Information shown Start Marker

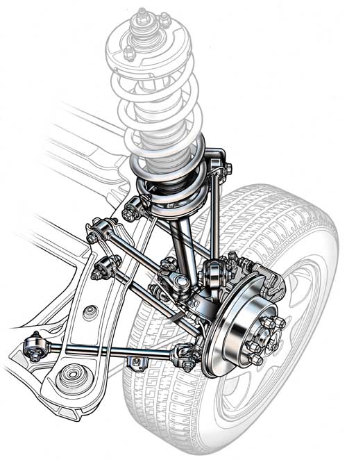 Кроме того, горизонтальная ориентация подвески «съедает» место под капотом, а также в багажном отсеке, если речь о задней подвеске. Как следствие, двухрычажную подвеску сейчас почти нереально встретить на переднеприводных компактах с поперечным расположением мотора. Затрудняет такой тип подвески и проектирование сминаемых при ударе зон кузова.
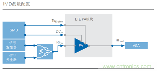 图7: IMD测量需要连接至功率组合器的两个信号产生器
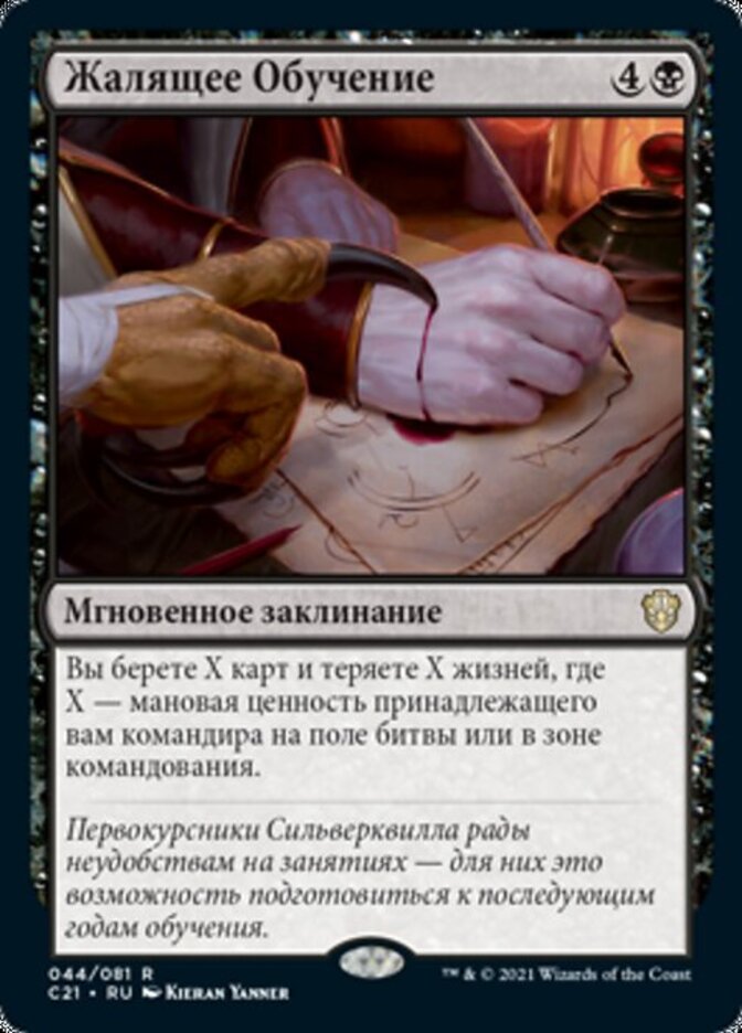 | Rules | You draw X cards and you lose X life, where X is the mana value of a commander you own on the battlefield or in the command zone. |

Information shown End Marker

Task requirements: Apart from the pictures, all of the data must be duplicated exactly as shown above.

Output below:
 Кроме того, горизонтальная ориентация подвески «съедает» место под капотом, а также в багажном отсеке, если речь о задней подвеске. Как следствие, двухрычажную подвеску сейчас почти нереально встретить на переднеприводных компактах с поперечным расположением мотора. Затрудняет такой тип подвески и проектирование сминаемых при ударе зон кузова.
 图7: IMD测量需要连接至功率组合器的两个信号产生器
 | Rules | You draw X cards and you lose X life, where X is the mana value of a commander you own on the battlefield or in the command zone. |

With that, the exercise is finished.